Chu Feng mengajukan pertanyaan ini karena penasaran. Jika bencana yang sama terjadi setiap dekade, Sekte Bela Diri Naga Tersembunyi seharusnya sudah menemukan cara untuk mengatasinya, sehingga tidak perlu ditakuti.

Namun, jika bencana berubah setiap kali, mungkin akan jauh lebih merepotkan.

“Bencana-bencana dulunya sama, tetapi kali ini berbeda.
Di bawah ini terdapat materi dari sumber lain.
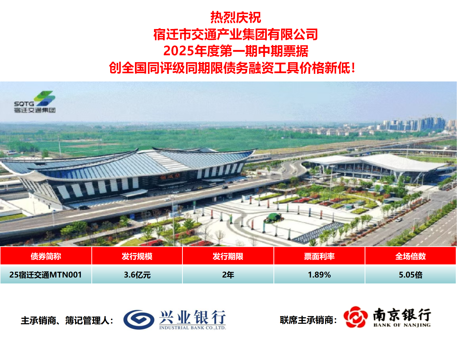 開門紅!宿遷交通集團(tuán)2025年第一期中期票據(jù)發(fā)行,利率創(chuàng)全國同評(píng)級(jí)同期限最低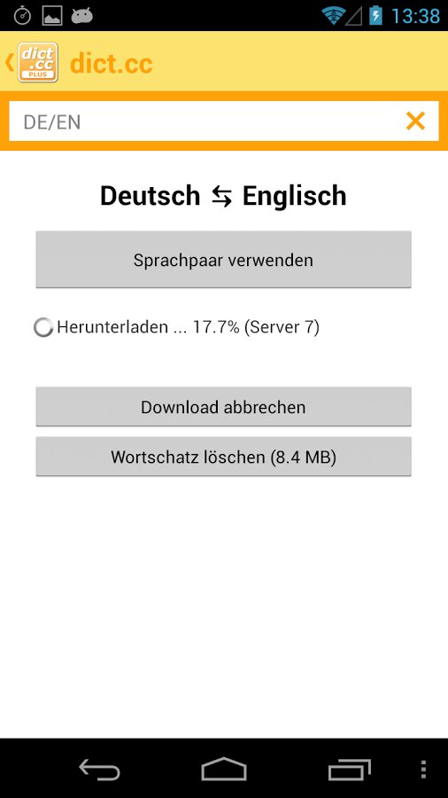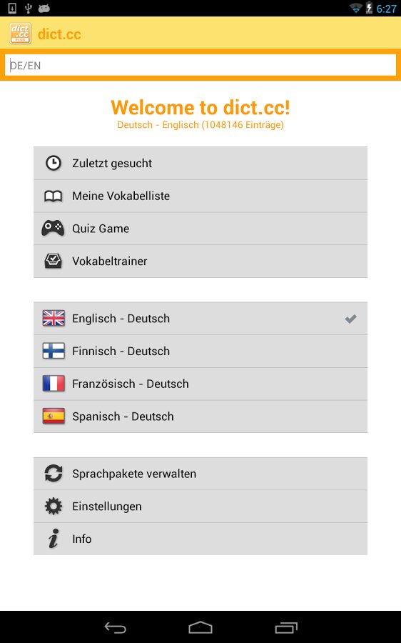 dict.cc — ENG-DE словарь-оффлайн в комбинации с другими языками. Словарь для 51 языковых комбинаций ENG-DE, можно использовать без подключения к Интернету (в автономном режиме словаря). Словари могут быть загружены и обновлены в течение приложение бесплатно.

Bencana-bencana sebelumnya dapat dengan mudah diselesaikan dengan campur tangan wakil pemimpin sekte, tetapi kali ini, meskipun wakil pemimpin sekte telah bekerja sama dengan beberapa Tetua Naga Tersembunyi, mereka tetap tidak dapat menyelesaikannya. Sepertinya kita harus menunggu pemimpin sekte keluar dari pelatihan tertutupnya untuk menyelesaikan bencana ini,” jawab Tetua Duan.

“Bencana ini sudah berlangsung selama tiga hari? Terlebih lagi, bencana ini berbeda dari sebelumnya… Ini tidak mungkin ada hubungannya denganku, kan?” pikir Chu Feng dengan heran.

“Tetua Duan, apakah Anda tahu tentang Formasi Seleksi Naga Tersembunyi?”

Tetua Duan segera menghentikan langkahnya, dan dia berbalik untuk melihat Chu Feng. Ada tatapan rumit di matanya.

“Kau tahu tentang Formasi Seleksi Naga Tersembunyi? Siapa yang memberitahumu tentang itu?” tanya Tetua Duan dengan muram.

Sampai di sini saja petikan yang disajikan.